I am confusing myself. Can you bill 93016 and 93018 with 93306-26? I thought the echo included the interp and report already? Please let me know if these three CPT's can be billed together in a hospital setting. Thank you,
Amy


----------



## jewlz0879

93306 includes 93320/93325; Spectral doppler and color-flow. If you are referring to Stress echo, depending on where and how your physicians want to bill, there are a couple different ways. 
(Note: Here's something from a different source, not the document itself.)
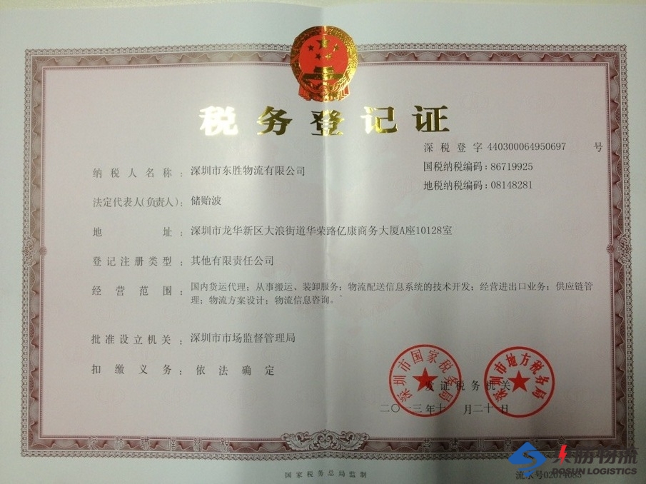 東勝物流稅務登記證

SE in office (physician owns equipment):
93351
93320
93325

Outpt - One physician:
93351-26
93320-26
93325-26

Outpt - Two physicians:
93350-26
93320-26
93325-26
93016
93018

HTH


----------



## ACrase

That is great information and i will use it!  but it is the transthorasic echo TTE that they are also trying to bill supervision and interp with. I thought all of that was included in the 93306 code? Have you ever billed 93306, 93016 and 93018 at the same time?


----------



## scrappingal

*93306 and 93016&93018 same day same doctor*

Look in the CPT book for 2012.  There are new guidelines that state if the same doctor reads/performs an Echo and Stress Test on the same day the way to bill is:
 93351-26 (or 93351) and not 93306-26 (or 93306) and 93016 & 93018 (or 93015).
However if two doctors are billing then the way to bill is: 
Dr One bills 93350-26 (or 93306) and Dr Two bills 93016 & 93018 (or 93015)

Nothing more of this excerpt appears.